Suppose you have a grammar that has these two rules.that after constructing the LL(1) table you find that in row <statement> column if you find rules 15 and 16. When looking at rules 15 and 16 in the grammar you see:

15.  <statement> ⟶ if <expression> then <statements> endif 
16.  <statement> ⟶ if <expression> then <statements> else <statements> endif

In this case it is clear why the conflict arose. The keyword if predicts that you can use either rule. That is, if we look in row <statement> column if of the LL(1) table we will find

		if

<statement>		15, 16

The problem is that the right hand sides of both of these rules with <statement> on the left have a common prefix. The common prefix is the substring of nonterminals and tokes

 if <expression> then <statements>

The else or endif that would determine which rule to apply is arbitrarily far away, so this grammar is not LL(k) for any k. We change the grammar by eliminating the common prefix problem by removing the above rules and replacing them with

15.  <statement>     ⟶ if <expression> then <statements> <optional_else> 
16.  <optional_else> ⟶ else <statements> endif 
17.  <optional_else> ⟶ endif

In the new LL(1) table for this changed grammar the old problem has disappeared.

	if	endif	else

<statement>	15
<optional_else>		17	16

When <statement> is to be expanded with lookahead token if, only rule 15 applies.
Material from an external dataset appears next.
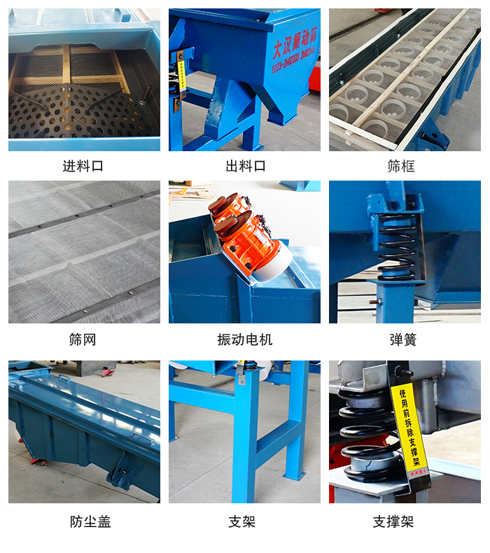 6、设备在停机时产生瞬间的共振区,此时振幅和噪声会明显增大,属正常现象,设备在开停机前,筛面上不得有存留物料,筛网需经常检查是否张紧、破损,如有破损要即时更换。

When <optional else> is to be expanded, token else implies that we apply rule 16, whereas token endif implies that we apply rule 17.

Handling Conflicts

The example above illustrates just one case that causes a grammar to be not LL(1). There are other possibilities. In this section we examine different cases and their causes.

If we want to use LL(1) techniques to parse, it is likely that we will not have an LL(1) grammar to start with. There will be conflicts in the table. We might try to clean up the grammar a bit and then regenerate the table, only still to find some conflicts. Some things we can do to clean up a grammar are to:

Remove ambiguity.
Remove left recursion. For example, the grammar may have rules of the form

<expression> ⟶ <expression> + <term>
<expression> ⟶ <term>

The left recursion in this grammar can be changed to right recursion (there is an algorithm for doing this with any grammar), yielding rules that look something like

<expression> ⟶ <term> <expression_tail>
<expression_tail> ⟶ + <term> <expression_tail>
<expression_tail> ⟶ ε
Remove common prefixes. This can be done as demonstrated above.
Use an English description to provide a solution to an inherent problem. The dangling else problem can be solved by stating that every else is associated with the most recent unmatched them.

Rewrite rules. Sometimes one can simply rewrite grammar rules for situations that are not ambiguous, left recursive, or common prefix problems, but which still lead to a conflict


            <statement>                      ⟶ <assignment-statement>
    <statement>                      ⟶ <procedure-statement>
    <assignment-statement>           ⟶ <variable-identifier> := <expression>
    <procedure-statement>            ⟶ <procedure-identifier> <optional-actual-parameter-list>
    <optional-actual-parameter-list> ⟶ ( <actual-parameter> <actual-parameter-tail> )                                     ⟶ ε 
    <variable-identifier>            ⟶ id
    <procedure-identifier            ⟶ id

Use more than one symbol of lookahead. This will work to resolve some conflicts. For example, think of assignment statements and procedure call statements in your project.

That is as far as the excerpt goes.